A winter storm shutting down air traffic in Chicago and threatening the city with blizzard conditions will drop snow on the eastern U.S., including New York, during the Monday morning commute.
Winds are forecast to rise in Chicago, reducing visibility to near zero late Sunday, and 10 to 15 inches (25 to 38 centimeters) of snow may fall before the storm moves farther east where Detroit, Cleveland, New York and Boston are in its path, the National Weather Service said.
“By Monday morning we are right in the middle of this event,” said John Murray, a Weather Service meteorologist in Upton, New York. “That is when the bulk of the precipitation will have fallen by the end of Monday morning.”
Winter storm warnings, meaning snow will make travel dangerous, stretch from eastern Nebraska to southern Maine. As of 8:45 a.m. in New York, 1,323 flights around the U.S. were canceled Sunday, according to FlightAware, a Houston-based airline-tracking company.
The majority of those trips were out of Chicago’s O’Hare International Airport and Midway International Airport, the company said. At least 540 flights have already been scrubbed for Monday.
New York may get by 4 to 8 inches with a quarter of an inch of ice on top of that by the time the storm ends Monday, Murray said.
Just to the north of New York, places from the Midwest to the Atlantic could get 6 to 12 inches of snow, said Bruce Terry, a meteorologist with the U.S. Weather Prediction Center in College Park, Maryland.
Chicago, Detroit, Cleveland and Boston will be affected “significantly,” Terry said.
Murray said the center of the storm will pass just south of Long Island and a slight change in the track could make things worse in New York.
Light snow will start in New York Sunday, then build in intensity overnight, he said. On Monday it will become a mixture of sleet and freezing rain, possibly ending as snow again before the storm finally exits the area late in the day, he said.
New York City suspended alternate-side parking for Monday to ease snow removal, the city’s transportation department said in a statement. Commuter rail authorities in Chicago and Boston warned residents delays are probable as the storm sweeps through.

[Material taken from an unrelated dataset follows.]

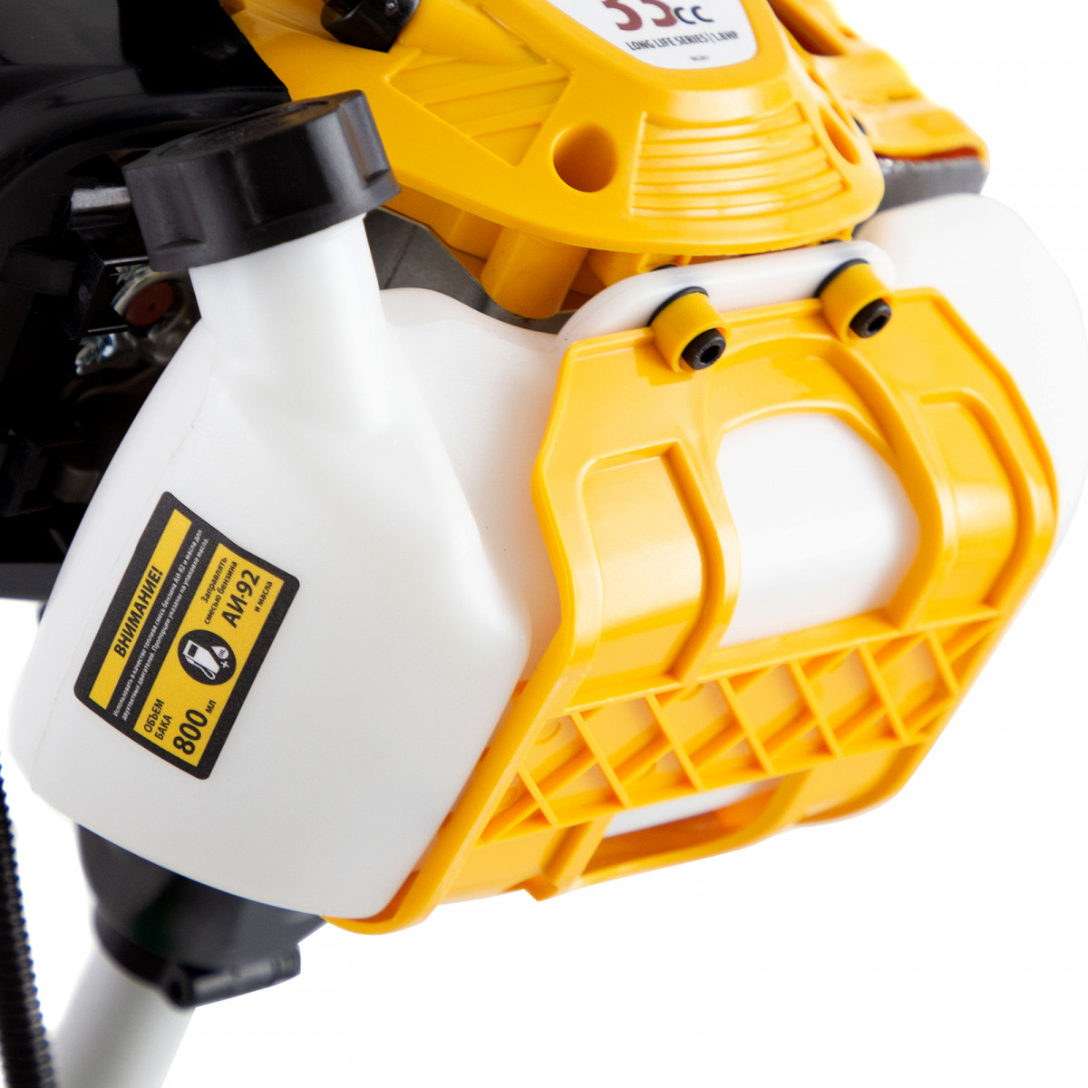 - Удобное приготовление топливной смеси — дозатор для смешивания бензина и масла прилагается к триммеру.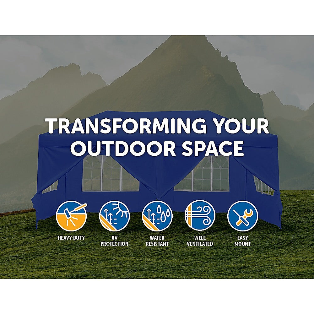 Featuring a thick steel frame and extra heavy-duty cloth material, the 3 x 6m Gazebo - Blue, is built to last, and designed to withstand most any weather condition. Beyond the classic tent design, 4 walls are included - for added privacy, shade, and protection from the elements. The 3 x 6m Gazebo - Blue, has the large dimensions, sturdy construction, and versatile wall features you need to beat the heat and make your next outdoor event a special one.

Some of the heaviest snow will be falling across central Pennsylvania just as the groundhog Punxsutawney Phil emerging from his burrow looking for his shadow. Feb. 2 is the day the groundhog supposedly comes out of hibernation. If it sees its shadow on emerging, that by tradition means there will be six more weeks of winter.
The storm will arrive on the East Coast a week after a blizzard buried much of southern New England and Boston under at least two feet of snow and dropped 9.8 inches in Central Park, sparing New York its worst effects.
Boston has a 75 percent chance of getting 8 inches or more by Tuesday, the Weather Service said. The current forecast for the city is for 10 to 14 inches by the time the storm leaves.
An extra foot of snow will make cleanup from the last storm even more difficult, Terry said.